**WORK ITEM:**
The answer must reproduce all of the data below exactly and contain no images.

==== EXERCISE INPUTS ====

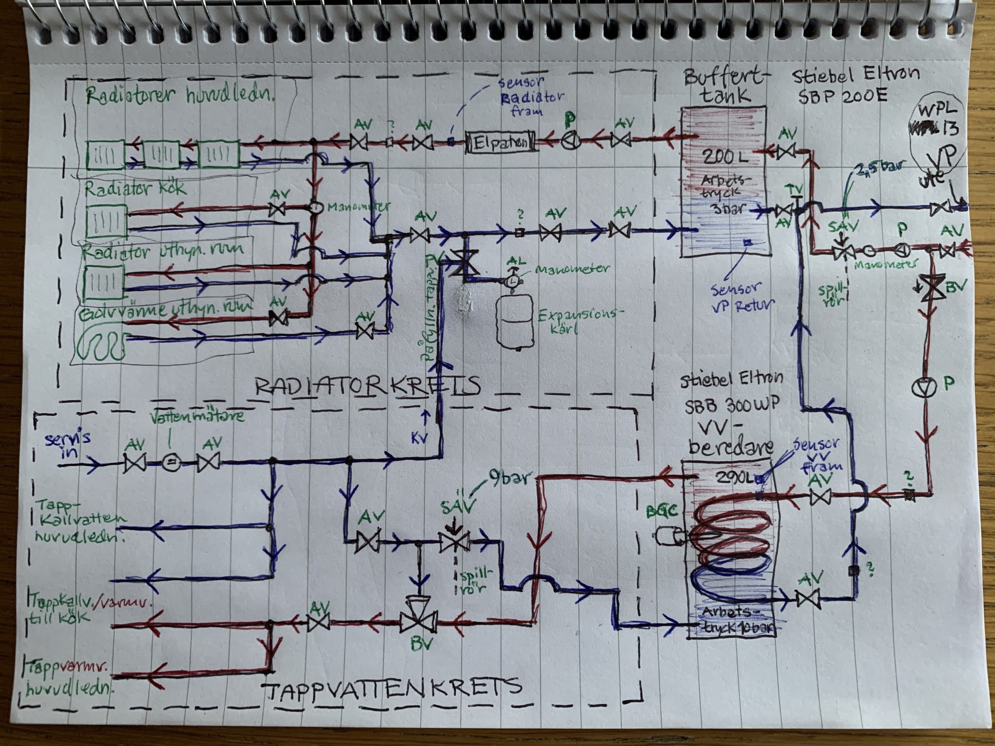 Jag har försökt göra ett flödesschema över värmesystemet och skrivit lappar på rören, så jag ser vad som är vad. När jag gjorde detta blev jag lite konfunderad över att det inte satt en säkerhetsventil vid expansionskärlet!?
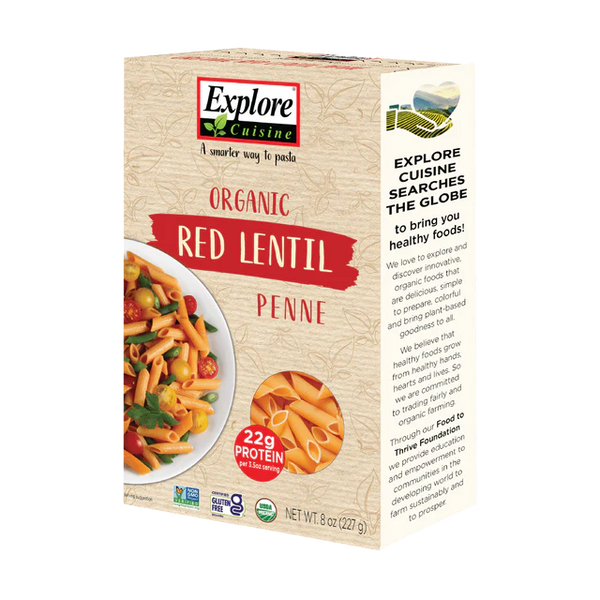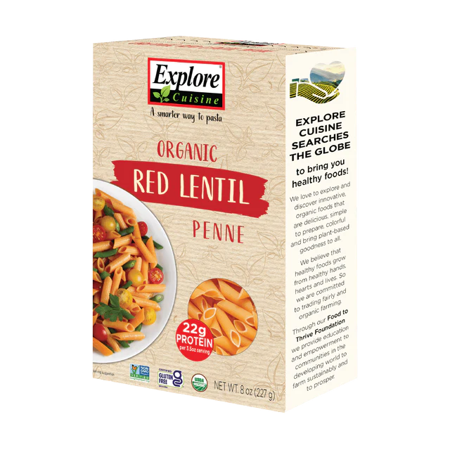 Light orange in color, and with a pleasant mild nutty flavor, Explore Cuisine’s Red Lentil Penne helps transform basic meals into something special for the entire family, giving complete nutrition in one dish.
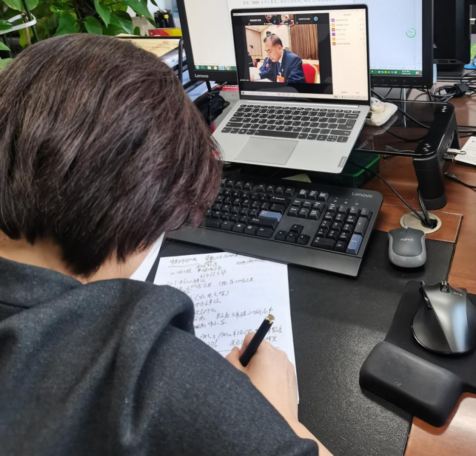 参会人员通过云视讯系统聆听并认真记录代表审议意见
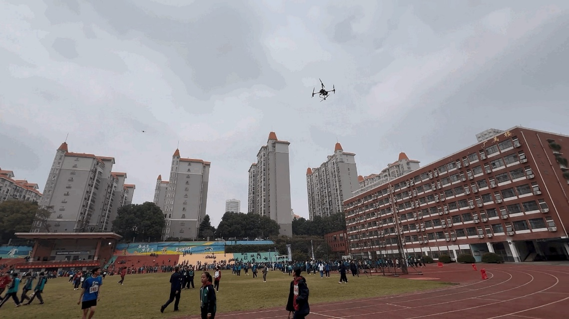 无人机飞行演示将现场气氛推向高潮。无人机在操场上空灵活盘旋、平稳飞行,其精准的控制与稳定的姿态赢得学生们阵阵欢呼。这不仅是一场视觉盛宴,更是一堂生动的科普实践课,激发了同学们对智能感知、自主导航等前沿技术的浓厚兴趣。同时,“安巡卫士”智能巡检机器人也以其创新的设计与实用的功能,吸引了众多学生驻足观看。
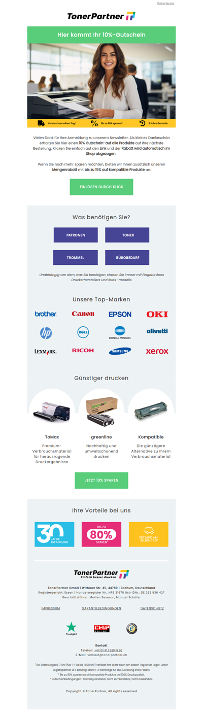 Toner-partner.ch is a Swiss online store specializing in printing supplies, particularly toner cartridges and printer accessories. The site offers a wide selection of products compatible with various printer brands, along with detailed descriptions and specifications. Customers can easily navigate through categories, find competitive prices, and access helpful resources for maintaining their printing equipment. With a focus on quality and customer service, Toner Partner aims to meet the needs of both businesses and individual users in Switzerland.
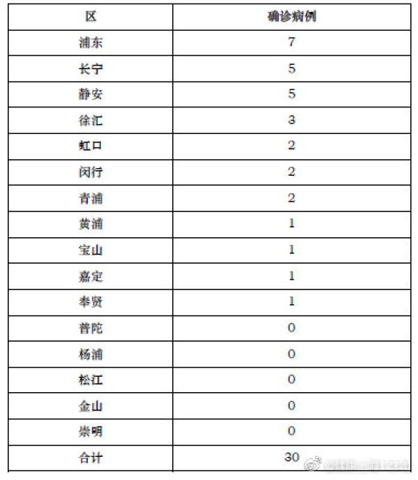 累计确诊病例中,20例有湖北居住史、21例有湖北旅行史、12例有相关确诊病例接触史;外地来沪人员23例,本地常住人口30例,按常住人口居住地各区分布情况如下:
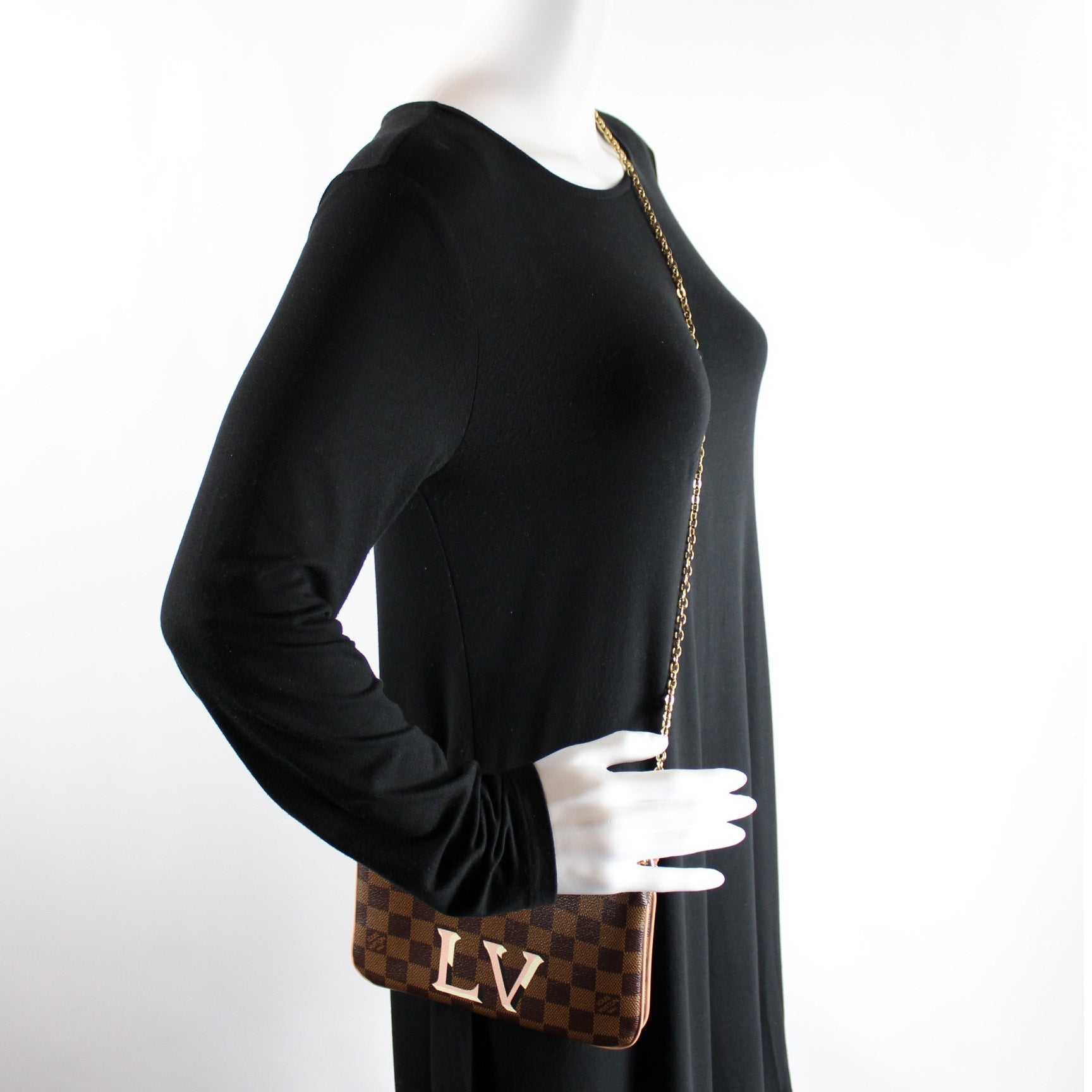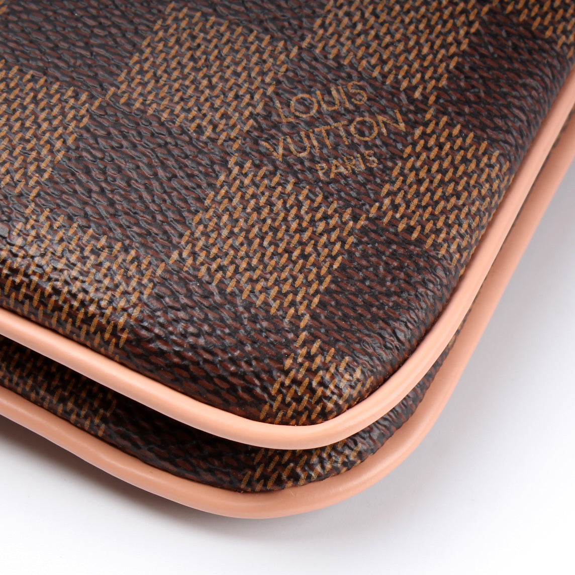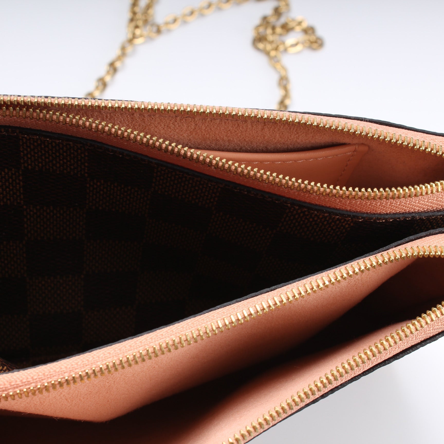 This Louis Vuitton Double Zip Pochette is guaranteed 100% . The exterior is in the classic Louis Vuitton Damier Ebene coated canvas.
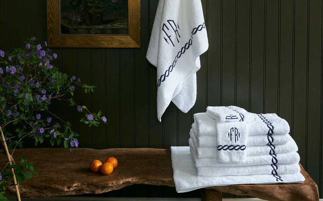 Our Classic Chain features a flowing motif inspired by ancient Greek treasures, neatly embroidered on Ciaro long-staple cotton terry. It’s soft colors and subtle movement create a timeless, understated beauty.
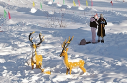 游客在漠河市北極村的雪地里玩耍。光明日?qǐng)?bào)記者 劉宇航攝/光明圖片
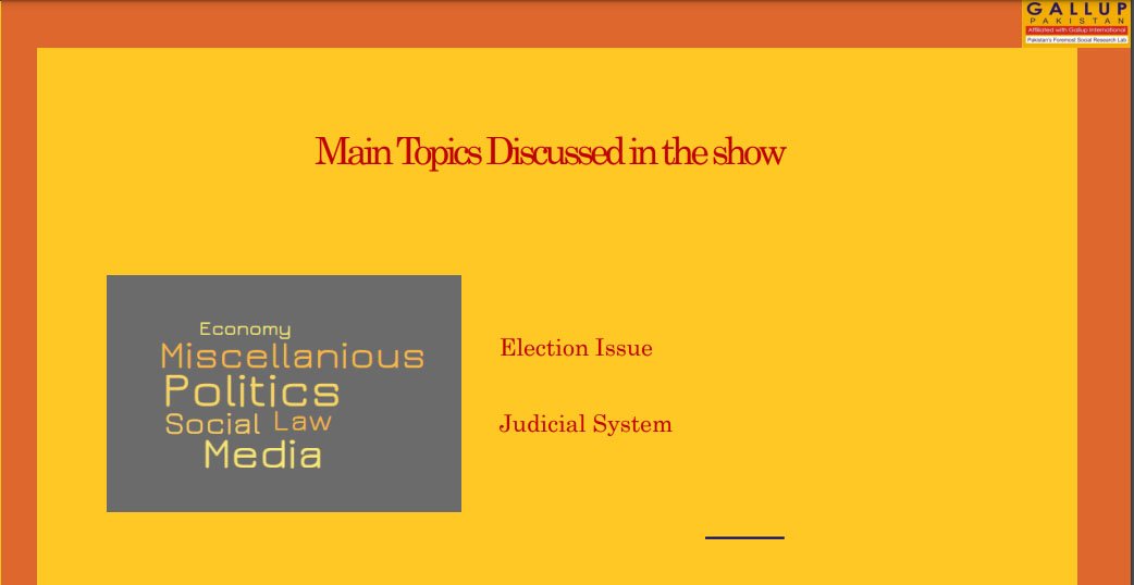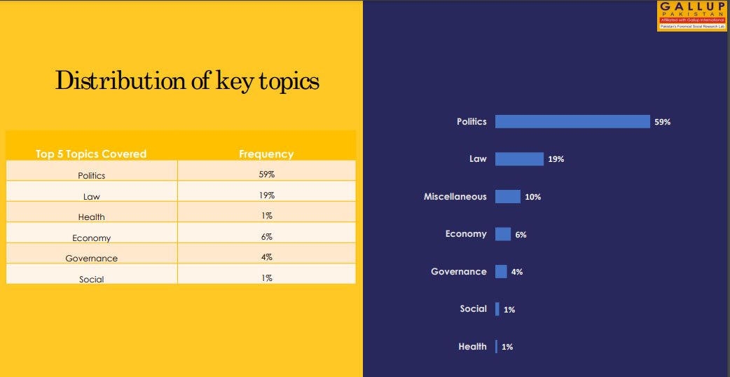 Gallup Pakistan analyzed the content of 10 talk shows across 6 television channels in April 2023; politics was discussed with around 60% frequency, while the economy, governance, and health were each discussed with 6% frequency or less.
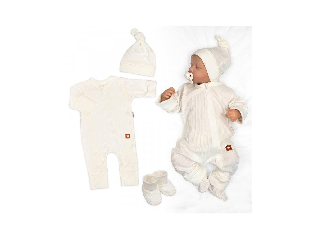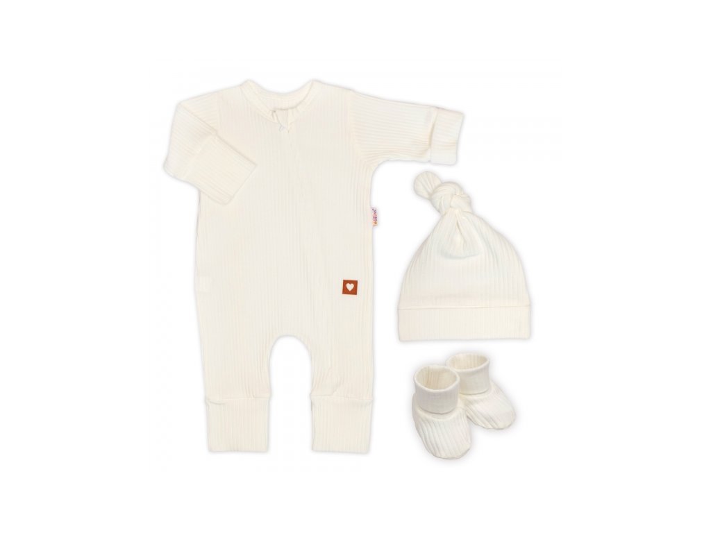 Rastúci rebrovaný overálek, čiapočka a topánočky, 3D, Nature - ecru
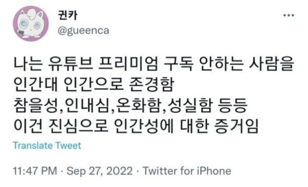 유튜브 프리미엄 안쓰는 사람들 존경함
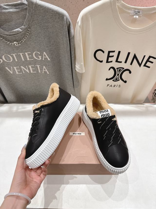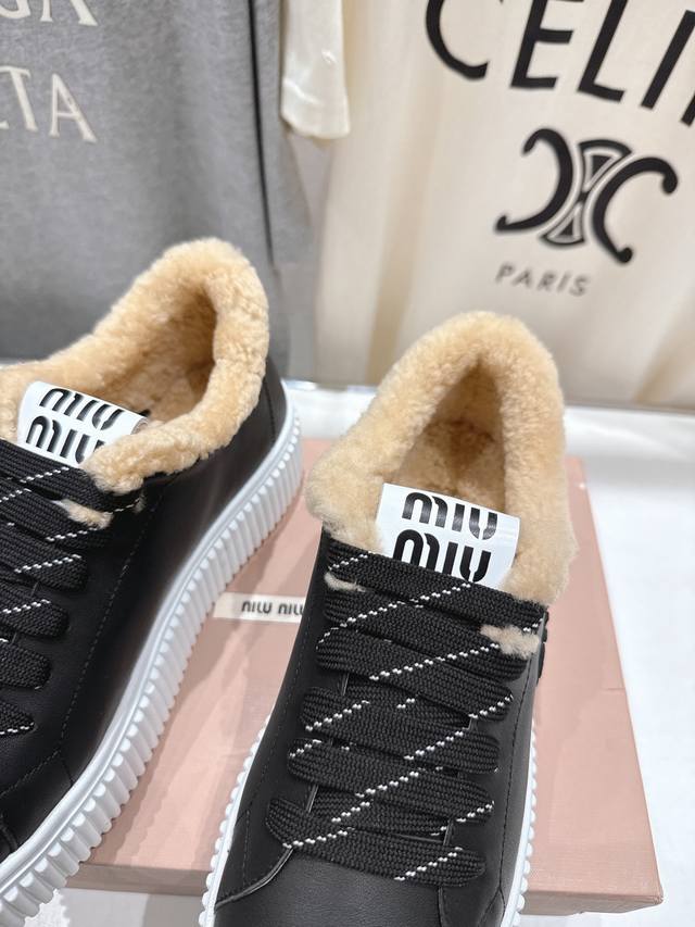 High-quality factory direct. Miu Miu F015 2025 Autumn/Winter New Lace-up Thick-soled Wool White Sneakers, Sports Casual Shoes, Furry Shoes. These lace-up sports casual shoes are a must-have for everyday winter wear

====

**RESPONSE BELOW:**
 Jag har försökt göra ett flödesschema över värmesystemet och skrivit lappar på rören, så jag ser vad som är vad. När jag gjorde detta blev jag lite konfunderad över att det inte satt en säkerhetsventil vid expansionskärlet!?
 Light orange in color, and with a pleasant mild nutty flavor, Explore Cuisine’s Red Lentil Penne helps transform basic meals into something special for the entire family, giving complete nutrition in one dish.
 参会人员通过云视讯系统聆听并认真记录代表审议意见
 无人机飞行演示将现场气氛推向高潮。无人机在操场上空灵活盘旋、平稳飞行,其精准的控制与稳定的姿态赢得学生们阵阵欢呼。这不仅是一场视觉盛宴,更是一堂生动的科普实践课,激发了同学们对智能感知、自主导航等前沿技术的浓厚兴趣。同时,“安巡卫士”智能巡检机器人也以其创新的设计与实用的功能,吸引了众多学生驻足观看。
 Toner-partner.ch is a Swiss online store specializing in printing supplies, particularly toner cartridges and printer accessories. The site offers a wide selection of products compatible with various printer brands, along with detailed descriptions and specifications. Customers can easily navigate through categories, find competitive prices, and access helpful resources for maintaining their printing equipment. With a focus on quality and customer service, Toner Partner aims to meet the needs of both businesses and individual users in Switzerland.
 累计确诊病例中,20例有湖北居住史、21例有湖北旅行史、12例有相关确诊病例接触史;外地来沪人员23例,本地常住人口30例,按常住人口居住地各区分布情况如下:
 This Louis Vuitton Double Zip Pochette is guaranteed 100% . The exterior is in the classic Louis Vuitton Damier Ebene coated canvas.
 Our Classic Chain features a flowing motif inspired by ancient Greek treasures, neatly embroidered on Ciaro long-staple cotton terry. It’s soft colors and subtle movement create a timeless, understated beauty.
 游客在漠河市北極村的雪地里玩耍。光明日?qǐng)?bào)記者 劉宇航攝/光明圖片
 Gallup Pakistan analyzed the content of 10 talk shows across 6 television channels in April 2023; politics was discussed with around 60% frequency, while the economy, governance, and health were each discussed with 6% frequency or less.
 Rastúci rebrovaný overálek, čiapočka a topánočky, 3D, Nature - ecru
 유튜브 프리미엄 안쓰는 사람들 존경함
 High-quality factory direct. Miu Miu F015 2025 Autumn/Winter New Lace-up Thick-soled Wool White Sneakers, Sports Casual Shoes, Furry Shoes. These lace-up sports casual shoes are a must-have for everyday winter wear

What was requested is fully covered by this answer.